Давно не читал таких грустных, предельно лирических, душевных стихов о прошедшей, о погибшей любви. Это тот случай, когда перо достигает бóльших результатов, чем предполагает характер поэта. Стихи прорываются сквозь замкнутость и герметичность Шкляревского. Образуется некая душевная раздвоенность между автором и его пронзительными в своем отчаянии стихами. Его поэзия перерабатывала его же психологическую зажатость, так же, как сокровенные письма к другу. Но письма все же предназначены одному, верному другу, а поэзию он доверяет сразу всем, что так противоречит его закрытому, нелюдимому характеру. Вот почему столь полезны воспоминания Куняева, ибо они в своей, может быть, и жестокой откровенности, просвечивают не совсем ясные мотивы безлюдных стихов Шкляревского, раскрывают жизненную реальность его поэзии, уточняют истину поэтических слов. Такие шедевры пейзажной лирики и удерживали Станислава Куняева долгие годы рядом со своим сумрачным другом, заставляли его прощать капризы и презрение к роду человеческому, побуждали бороться за его стихи. Как пишет Куняев: «Нет, Передреев был неправ, упорствуя в своем неприятии Игоря… Поэт, пишущий такие стихи и такие письма…», конечно же, был обречен на свое одинокое блуждание по земле.
Когда говорил Игорь Шкляревский о Борисе Слуцком, что слабые поэты сбиваются в стаи, а сильные поэты живут одиноко, конечно, он имел в виду самого себя.

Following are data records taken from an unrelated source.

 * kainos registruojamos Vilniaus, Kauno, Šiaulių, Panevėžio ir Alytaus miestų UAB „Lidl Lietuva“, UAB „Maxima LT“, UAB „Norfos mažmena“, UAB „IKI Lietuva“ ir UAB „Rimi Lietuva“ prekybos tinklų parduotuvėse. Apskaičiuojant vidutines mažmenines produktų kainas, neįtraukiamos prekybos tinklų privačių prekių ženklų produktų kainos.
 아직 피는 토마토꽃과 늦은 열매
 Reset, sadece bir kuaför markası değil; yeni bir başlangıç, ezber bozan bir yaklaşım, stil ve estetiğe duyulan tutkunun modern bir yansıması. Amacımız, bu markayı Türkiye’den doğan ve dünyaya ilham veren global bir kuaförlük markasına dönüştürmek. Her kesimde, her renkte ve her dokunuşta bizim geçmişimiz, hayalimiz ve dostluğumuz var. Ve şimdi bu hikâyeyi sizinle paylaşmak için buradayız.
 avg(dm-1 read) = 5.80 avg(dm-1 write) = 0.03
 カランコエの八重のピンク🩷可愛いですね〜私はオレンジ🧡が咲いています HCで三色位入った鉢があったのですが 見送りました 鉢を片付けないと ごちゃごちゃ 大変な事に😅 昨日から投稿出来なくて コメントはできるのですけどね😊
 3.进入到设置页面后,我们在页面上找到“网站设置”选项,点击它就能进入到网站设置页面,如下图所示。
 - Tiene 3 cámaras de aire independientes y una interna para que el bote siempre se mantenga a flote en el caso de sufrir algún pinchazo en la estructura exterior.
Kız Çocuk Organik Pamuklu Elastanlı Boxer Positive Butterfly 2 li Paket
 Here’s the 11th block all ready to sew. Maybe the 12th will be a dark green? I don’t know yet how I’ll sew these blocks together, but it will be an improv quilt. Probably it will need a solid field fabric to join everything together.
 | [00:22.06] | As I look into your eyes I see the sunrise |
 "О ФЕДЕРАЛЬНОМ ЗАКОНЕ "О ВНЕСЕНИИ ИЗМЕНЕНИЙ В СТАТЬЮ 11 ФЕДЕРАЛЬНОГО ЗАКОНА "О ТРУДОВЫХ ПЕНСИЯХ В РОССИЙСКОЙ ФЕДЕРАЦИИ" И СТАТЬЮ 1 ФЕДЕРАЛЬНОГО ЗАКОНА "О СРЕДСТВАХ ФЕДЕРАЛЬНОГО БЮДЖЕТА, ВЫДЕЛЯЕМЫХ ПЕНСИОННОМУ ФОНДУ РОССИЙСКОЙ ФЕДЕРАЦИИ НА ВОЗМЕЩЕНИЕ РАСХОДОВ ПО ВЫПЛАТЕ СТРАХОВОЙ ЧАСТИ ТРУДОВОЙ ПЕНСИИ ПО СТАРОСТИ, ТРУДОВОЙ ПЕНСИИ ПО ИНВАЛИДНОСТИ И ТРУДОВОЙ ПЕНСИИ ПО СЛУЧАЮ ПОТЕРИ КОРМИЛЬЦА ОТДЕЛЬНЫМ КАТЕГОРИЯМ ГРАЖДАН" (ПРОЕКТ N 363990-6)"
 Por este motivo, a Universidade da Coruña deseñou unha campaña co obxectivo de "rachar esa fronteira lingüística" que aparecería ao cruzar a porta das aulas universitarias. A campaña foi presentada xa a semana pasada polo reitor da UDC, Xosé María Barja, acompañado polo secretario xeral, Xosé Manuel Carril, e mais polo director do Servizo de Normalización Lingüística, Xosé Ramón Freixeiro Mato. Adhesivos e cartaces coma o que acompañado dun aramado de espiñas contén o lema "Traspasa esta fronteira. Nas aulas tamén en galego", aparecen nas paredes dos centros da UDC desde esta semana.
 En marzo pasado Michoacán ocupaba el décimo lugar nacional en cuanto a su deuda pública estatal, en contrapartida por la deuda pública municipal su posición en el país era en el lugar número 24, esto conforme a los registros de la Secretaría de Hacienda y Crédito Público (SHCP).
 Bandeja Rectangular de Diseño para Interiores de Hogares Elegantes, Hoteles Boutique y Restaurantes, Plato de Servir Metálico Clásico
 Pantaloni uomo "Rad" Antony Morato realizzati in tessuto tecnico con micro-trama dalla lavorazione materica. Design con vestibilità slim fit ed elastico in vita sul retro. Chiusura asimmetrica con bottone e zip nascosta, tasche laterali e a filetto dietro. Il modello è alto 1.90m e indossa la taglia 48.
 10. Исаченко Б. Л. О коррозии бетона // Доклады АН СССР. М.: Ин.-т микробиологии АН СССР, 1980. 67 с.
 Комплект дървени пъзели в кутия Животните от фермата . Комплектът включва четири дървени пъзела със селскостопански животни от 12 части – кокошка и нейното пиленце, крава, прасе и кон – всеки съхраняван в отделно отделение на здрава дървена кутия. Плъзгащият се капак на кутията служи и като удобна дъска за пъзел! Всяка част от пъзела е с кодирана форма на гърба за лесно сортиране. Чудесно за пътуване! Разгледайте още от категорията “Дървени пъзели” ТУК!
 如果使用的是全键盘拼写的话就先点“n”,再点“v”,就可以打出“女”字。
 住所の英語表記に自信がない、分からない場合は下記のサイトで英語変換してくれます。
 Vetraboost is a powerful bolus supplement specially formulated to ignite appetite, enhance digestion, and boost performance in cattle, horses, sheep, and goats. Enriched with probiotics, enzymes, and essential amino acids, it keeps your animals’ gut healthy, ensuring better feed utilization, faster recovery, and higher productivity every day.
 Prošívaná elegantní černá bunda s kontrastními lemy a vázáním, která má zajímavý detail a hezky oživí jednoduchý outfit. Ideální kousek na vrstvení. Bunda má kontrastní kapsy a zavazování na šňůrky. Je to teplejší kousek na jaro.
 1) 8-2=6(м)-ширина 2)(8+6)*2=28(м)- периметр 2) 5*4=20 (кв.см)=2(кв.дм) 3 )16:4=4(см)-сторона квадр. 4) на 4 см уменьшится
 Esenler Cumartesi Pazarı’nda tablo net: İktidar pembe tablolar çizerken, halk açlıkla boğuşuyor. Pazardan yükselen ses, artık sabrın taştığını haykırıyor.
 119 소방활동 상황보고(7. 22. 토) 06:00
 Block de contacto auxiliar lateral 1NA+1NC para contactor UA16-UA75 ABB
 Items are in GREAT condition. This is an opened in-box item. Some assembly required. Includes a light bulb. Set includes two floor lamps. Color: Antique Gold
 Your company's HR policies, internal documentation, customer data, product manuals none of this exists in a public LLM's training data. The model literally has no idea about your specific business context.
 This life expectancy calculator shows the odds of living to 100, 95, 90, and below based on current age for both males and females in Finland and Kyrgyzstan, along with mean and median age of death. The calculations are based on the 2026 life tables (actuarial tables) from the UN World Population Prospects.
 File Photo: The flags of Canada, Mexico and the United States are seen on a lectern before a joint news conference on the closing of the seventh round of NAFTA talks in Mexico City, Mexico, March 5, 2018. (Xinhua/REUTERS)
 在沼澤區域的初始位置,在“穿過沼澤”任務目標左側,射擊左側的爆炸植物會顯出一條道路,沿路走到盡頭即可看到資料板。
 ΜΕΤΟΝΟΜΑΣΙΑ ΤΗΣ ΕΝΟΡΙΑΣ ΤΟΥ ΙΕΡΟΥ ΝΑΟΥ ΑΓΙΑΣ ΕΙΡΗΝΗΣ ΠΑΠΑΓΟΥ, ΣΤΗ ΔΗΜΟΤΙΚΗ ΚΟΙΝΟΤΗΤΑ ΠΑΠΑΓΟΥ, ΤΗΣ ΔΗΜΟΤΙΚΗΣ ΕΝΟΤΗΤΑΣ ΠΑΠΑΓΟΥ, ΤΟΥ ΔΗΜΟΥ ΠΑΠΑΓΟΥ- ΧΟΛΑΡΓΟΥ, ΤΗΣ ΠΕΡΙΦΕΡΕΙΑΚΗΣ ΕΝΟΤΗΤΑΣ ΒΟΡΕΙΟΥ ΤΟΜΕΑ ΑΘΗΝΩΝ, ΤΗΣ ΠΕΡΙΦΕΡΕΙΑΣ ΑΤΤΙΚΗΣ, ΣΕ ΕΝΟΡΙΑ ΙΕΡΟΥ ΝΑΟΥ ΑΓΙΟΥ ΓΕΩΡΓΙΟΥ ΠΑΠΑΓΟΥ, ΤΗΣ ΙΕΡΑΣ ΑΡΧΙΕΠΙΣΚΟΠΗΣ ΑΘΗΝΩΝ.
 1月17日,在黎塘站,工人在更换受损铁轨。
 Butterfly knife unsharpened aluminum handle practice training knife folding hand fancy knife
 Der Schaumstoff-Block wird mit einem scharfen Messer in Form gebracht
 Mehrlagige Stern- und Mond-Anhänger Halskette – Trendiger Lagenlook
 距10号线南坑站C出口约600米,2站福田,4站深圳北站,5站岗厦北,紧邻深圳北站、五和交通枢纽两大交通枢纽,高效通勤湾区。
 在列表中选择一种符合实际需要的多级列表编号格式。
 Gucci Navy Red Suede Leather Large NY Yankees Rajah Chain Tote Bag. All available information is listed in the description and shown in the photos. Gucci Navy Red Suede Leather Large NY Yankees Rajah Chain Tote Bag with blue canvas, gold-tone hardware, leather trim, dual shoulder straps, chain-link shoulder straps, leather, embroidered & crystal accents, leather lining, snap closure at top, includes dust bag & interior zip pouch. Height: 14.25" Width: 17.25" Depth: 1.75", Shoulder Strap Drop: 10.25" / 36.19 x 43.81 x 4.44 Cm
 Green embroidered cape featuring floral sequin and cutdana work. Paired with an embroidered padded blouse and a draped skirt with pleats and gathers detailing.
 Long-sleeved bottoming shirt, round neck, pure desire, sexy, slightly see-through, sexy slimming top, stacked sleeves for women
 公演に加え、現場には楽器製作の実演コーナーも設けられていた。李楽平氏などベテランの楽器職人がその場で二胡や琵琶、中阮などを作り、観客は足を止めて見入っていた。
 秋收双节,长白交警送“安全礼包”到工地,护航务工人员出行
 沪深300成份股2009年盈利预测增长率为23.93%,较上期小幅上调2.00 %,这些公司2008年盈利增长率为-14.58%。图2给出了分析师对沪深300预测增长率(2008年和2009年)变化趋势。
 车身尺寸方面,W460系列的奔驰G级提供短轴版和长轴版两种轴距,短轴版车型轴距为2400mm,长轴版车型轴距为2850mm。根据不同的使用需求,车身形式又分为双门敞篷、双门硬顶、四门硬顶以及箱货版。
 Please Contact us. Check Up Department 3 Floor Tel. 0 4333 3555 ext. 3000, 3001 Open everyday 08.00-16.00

И свою конкретную ситуацию. Я не думаю, что «стая» пушкинской плеяды или же круг символистов, даже футуристы от Маяковского до Хлебникова, такие уж слабые поэты. Но иным гениям необходимо общение, соперничество в близком кругу, другие, как Юрий Кузнецов или Игорь Шкляревский, очерчивают себя одиночеством. «В столетии я друга не нашел» — так по-кузнецовски мог бы сказать и поздний Шкляревский. Он принял поэзию как свою аскезу монаха. Иногда даже кажется, что он для себя поэзию поставил на место Бога или вровень с Богом. Ибо такое безлюдье, такое изгойство не может быть у верующего человека. В одиночестве Шкляревского есть своя гордыня и отсутствует христианское смирение. Впрочем, таким «приблизительно верующим» или совсем безбожным было почти все его поколение, последнее литературное поколение уходящей советской цивилизации — от Венички Ерофеева до Андрея Битова. Может быть, отсюда и обрыв каждого из них в свой одинокий круг. Ни православной соборности, ни советского коллективизма, а с возрастом уходят и узы братства и любви. Ни у послевоенной плеяды поэтов — Межиров, Слуцкий, Наровчатов, Твардовский, ни у ранних шестидесятников — Евтушенко, Вознесенский, Рождественский — такого изгойства не было и быть не могло. И вдруг поколение одиноких, из детдомовства в бездомность переходящих — Чухонцев, Примеров, Устинов, Глушкова, Русаков, Кузнецов. Но даже среди них Игорь Шкляревский выделяется беспощадностью своего безлюдья. Некий синдром хронической усталости от людей, служение лишь природе и поэзии, и больше никому. Все остальное — мимикрия, спасающая от натиска людей.
Тема детства в стихах Шкляревского всегда связана с прояснением для себя истоков своего одиночества.
Поэты его поколения раньше всех диссидентов почувствовали отсутствие общности людей в нашей стране, общих идей, общего дела, за чем неизбежно должен был последовать распад — горбачевский, ельцинский, какой угодно. Когда распад в душах людей остановится, а я на это надеюсь, мы вновь первыми почувствуем новую близость, новую общность именно в стихах новых поэтов.